Именно на такой сорт людей нацелено острие пелевинского сарказма - не удивительно, что у них не появилось желание его за это наградить. Парадокс заключается в том, что литературу, которая ставит своей целью освежить нравственный и культурный ландшафт эпохи, судят и оценивают именно те люди, которых она хочет отодвинуть в сторону - которых она демонстративно игнорирует. Как, извините, члены букеровского жюри могли бы оценить Пелевина, если у них попросту отсутствуют те душевные струны, те измерения сознания, на которые рассчитаны его тексты? Впрочем, вряд ли у них получится и дальше игнорировать многообразие современной культуры, - рано или поздно им придется покинуть "зал суда" и ограничиться выполнением более скромной, но зато полезной и оправданной миссии архивариусов и музейных работников. Сейчас происходит очередная смена литературных эпох, и, как обычно это бывает, из множества имен литературных экспериментаторов на первый план должно выйти три-четыре имени, которые правильно угадали набор душевных струн нового читателя и которые будут задавать лицо литературы на последующие несколько десятилетий. Очень похоже, что Пелевин - не просто один из многих, а именно такой классик следующей литературной эпохи.
Все остальные деяния людей служат сохранению или облегчению нашего существования, только не творения гения: они существуют ради самих себя, и в этом смысле в них надо видеть цветок, или чистый доход бытия. Поэтому, когда мы наслаждаемся ими, сердце наше наполняется радостью, мы поднимаемся из тяжкой атмосферы земных потребностей. (Шопенгауэр)

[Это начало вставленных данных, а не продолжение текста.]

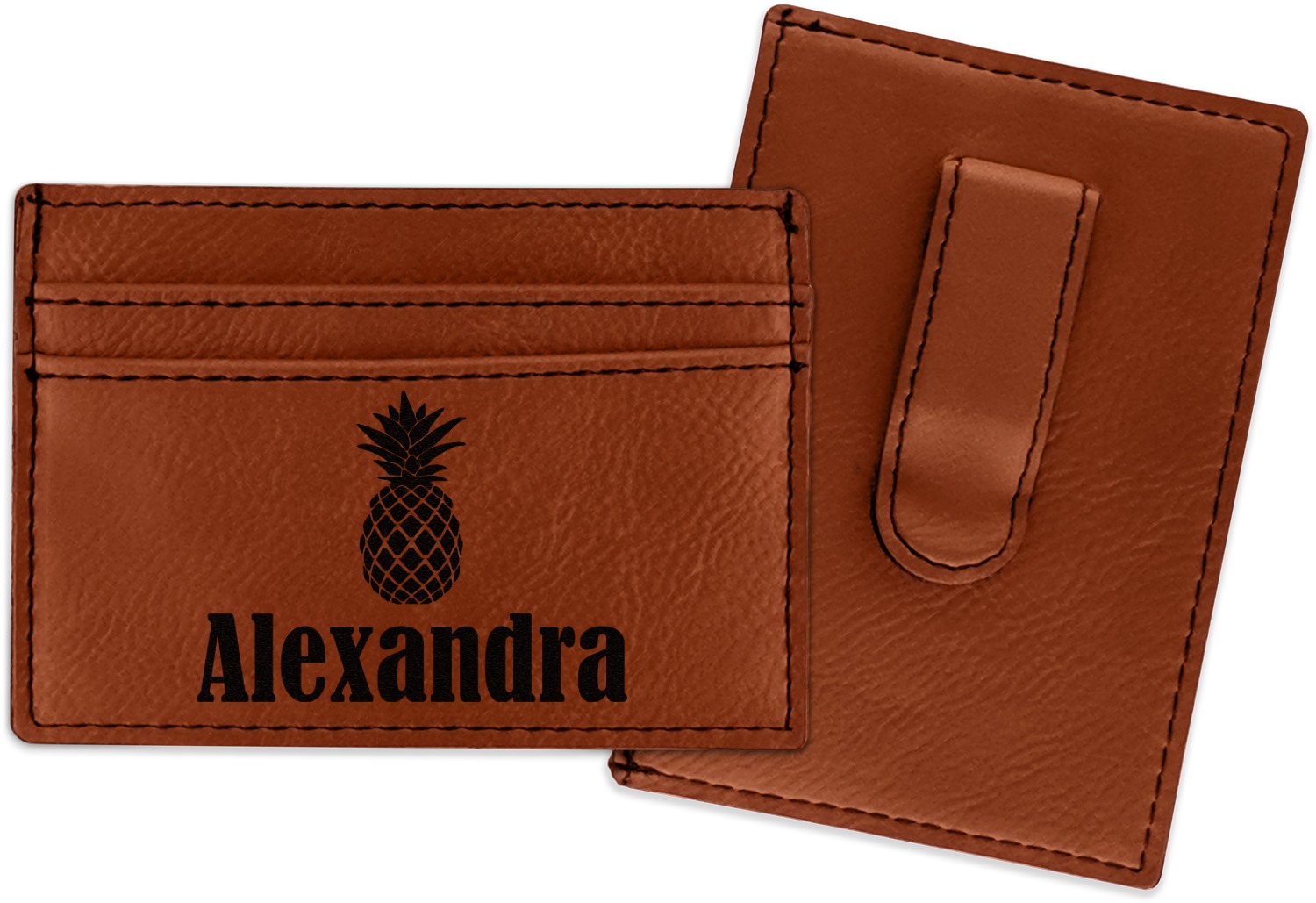 Made from a smooth brown leatherette material, these money clip wallets are the perfect accessory. They measure at approximately 4" x 2.75". On one side there is a money clip where you can slip in your cash. On the other side are three card slots for an ID and credit card or two. The money clip wallet will be laser engraved with your design on the side with the credit card slots. The graphic will come out as a black color.

Есть еще одна причина, объясняющая неприятие Пелевина теми, кто ориентирован на классическое наследие. Дело в том, что в отечественном сознании существует резкое противопоставление "развлекательной" и "серьезной" литературы. Во многом это следствие типичного для русской культуры размежевания между сакральным и смешным. Хотя ирония, сатира, гротеск, сарказм, игра воображения допускаются, конечно, и в серьезной литературе, но в ней они обязательно играют либо второстепенную, либо социально-обличительную функцию (как у Гоголя и Щедрина). Когда же ирония и интеллектуальная игра составляют костяк произведения и используются в том числе и применительно к позитивному содержанию, к ценностям сакрального характера, - такая литература обычно переводится в разряд "несерьезной", фантастической, а то и нравственно-сомнительной. Русским писателям приходилось обходить эту ситуацию при помощи разных суррогатных приемов. Так, Достоевский, который часто пускался в рискованные эксперименты, в одних случаях помещал их в контекст "обличительного критицизма" (пример - "разъясняющее" предисловие к "Запискам из подполья"), в других случаях (скажем, "Братья Карамазовы") перекрывал потоком "нравственного пафоса", чуть ли не прямой моральной проповедью от первого лица.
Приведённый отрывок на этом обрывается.